With a rate of 127.1 hospitalizations per 100,000 people, the 2024-25 flu season was significantly more severe than historical norms, surpassing the previous 14-season average of 62
Its effectiveness at preventing less severe infections that still required a doctor’s visit ranged from 32 percent to 60 percent.
Most people with the flu recover within a few days or a week. But the flu kills about 36,000 Americans every year, and it can be more dangerous than people think, especially for seniors 75 and up, people with respiratory conditions such as asthma, people with obesity and/or heart disease and the unvaccinated.

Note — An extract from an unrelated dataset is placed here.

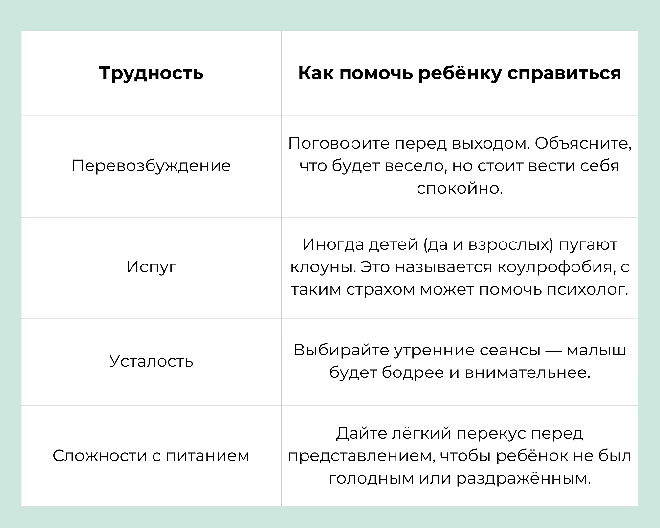 В день икс не нагружайте ребёнка дополнительными занятиями: пусть всё будет как обычно. А отправляясь в цирк, возьмите с собой воду и любимую игрушку (чтобы успокоить ребёнка, если понадобится).

In addition to common symptoms, including fever, muscle aches, respiratory infection, chills, and fatigue, the flu can cause life-threatening complications, such as pneumonia, a bloodstream infection called sepsis, inflammation of the heart and brain, and muscle inflammation or damage.

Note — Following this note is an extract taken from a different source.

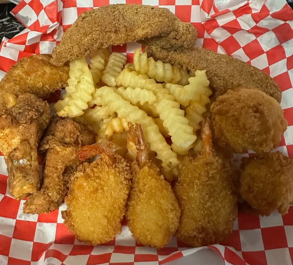 Basket of Fried Fish, Wing Ding, Fried Shrimp, Crinkled Fries and Hush Puppies $20.00

The latest data from the CDC reflect the most recent flu season recorded in the agency’s surveillance system, FluSurv-NET.
The system collects data from roughly 300 hospitals across 14 states, effectively monitoring a sample that represents about nine percent of the US population, or around 31 million people.

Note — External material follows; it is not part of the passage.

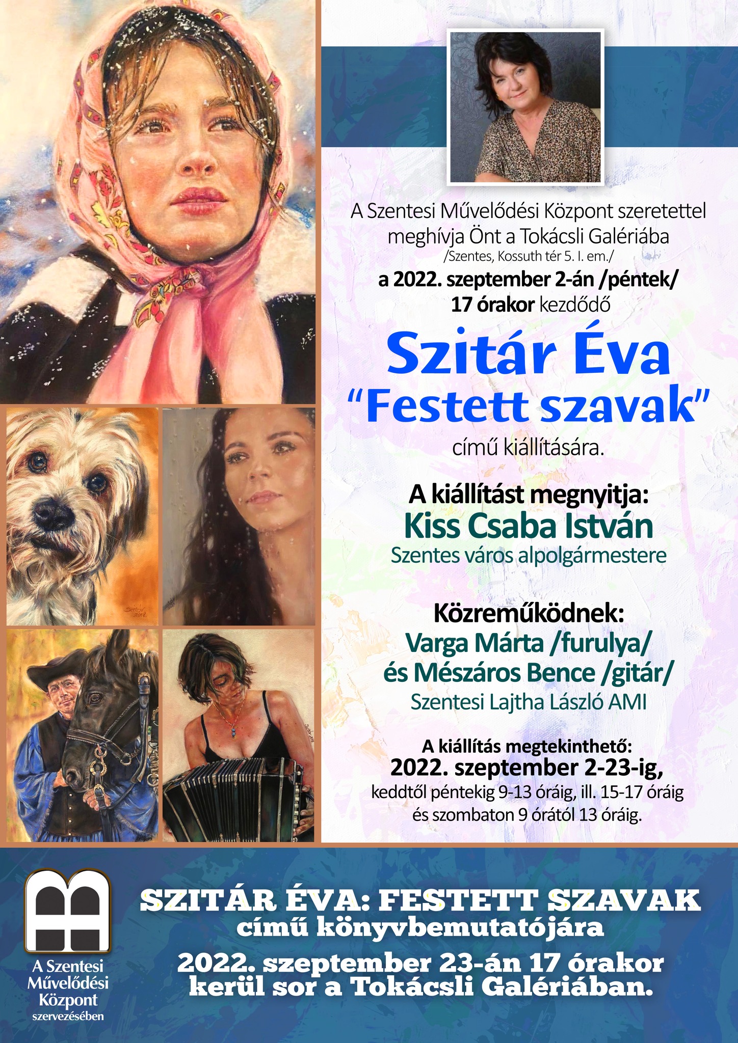 A Festett szavak című kiállítással indul az őszi évad a művelődési központ Tokácsli Galériájában, ahol szeptember 2-án 17 órakor egy tiszakécskei alkotó, Szitár Éva mutatkozik be színpompás festményeivel. Mint mondja, az alkotás ajándék számára, de jótékonyságból másokat is megajándékoz képeivel. Ajánlónkat lapunk 9. oldalán találják.

The system focuses on laboratory-confirmed flu cases that are severe enough to require hospitalization, tracking individuals from infants to seniors.
For a carefully selected subset of patients out of the thousands reported, researchers pulled detailed clinical information from medical records to determine whether patients had underlying health conditions, their vaccination status and whether they required intensive care.
For children, the most significant risk factor for hospitalization was asthma. It was the most common pre-existing condition for 14 percent of hospitalized toddlers and preschoolers up to four years old and nearly 40 percent of school-aged children and teens from five to 17.

Last flu season, Influenza A was the dominant and most severe virus type. While the H1N1 strain was more common overall and posed a greater threat to seniors, this was a reversal from the last severe season, 2017-18, when the H3N2 strain was the main risk for that age group
For young adults aged 18 to 49, obesity was the dominant risk factor, present in about 44 percent of hospitalized patients in this age group.
In adults aged 50 to 64, chronic metabolic diseases, primarily diabetes, took the lead, affecting 45.6 percent of patients.
For seniors, cardiovascular disease was the most significant risk factor, found in 57 percent of adults aged 65 to 74 and an overwhelming 69 percent of those aged 75 and older.
The flu season was historically severe, with hospitals having seen more flu patients per week than in any other season since 2010–2011.
No age group was spared. Hospitalization rates were two to three times higher across all ages compared to the average of the past 14 seasons.
As in most flu seasons, adults 75 and older were hit hardest, with a rate of nearly 599 hospitalizations per 100,000 people.
This was the second-highest rate on record for seniors, but it was the worst season ever recorded for every other age group.
Thirty percent of patients developed pneumonia, making it the most common complication.
In 18.5 percent of cases, the infection spiraled into sepsis, a catastrophic full-body inflammatory response, and caused acute kidney failure in another 18 percent.
This severe season was primarily driven by influenza A viruses.
The H1N1 strain was more prevalent overall, but, notably, it caused higher hospitalization rates among older adults compared to the H3N2 strain.
This marked a reversal from the last severe season, 2017-2018, when H3N2 was the dominant and more dangerous strain for seniors.
The 2025–2026 flu vaccine is trivalent, meaning it protects against three strains: an influenza A(H1N1)-like virus, an influenza A(H3N2)-like virus, and an influenza B/Victoria lineage-like virus.
The flu shot is typically free with insurance. Almost all insurers are required to cover shots recommended by the CDC, including flu shots.
Without insurance, though, the price can change based on the pharmacy, ranging from $20 to $120. Public clinics also generally offer free flu shots.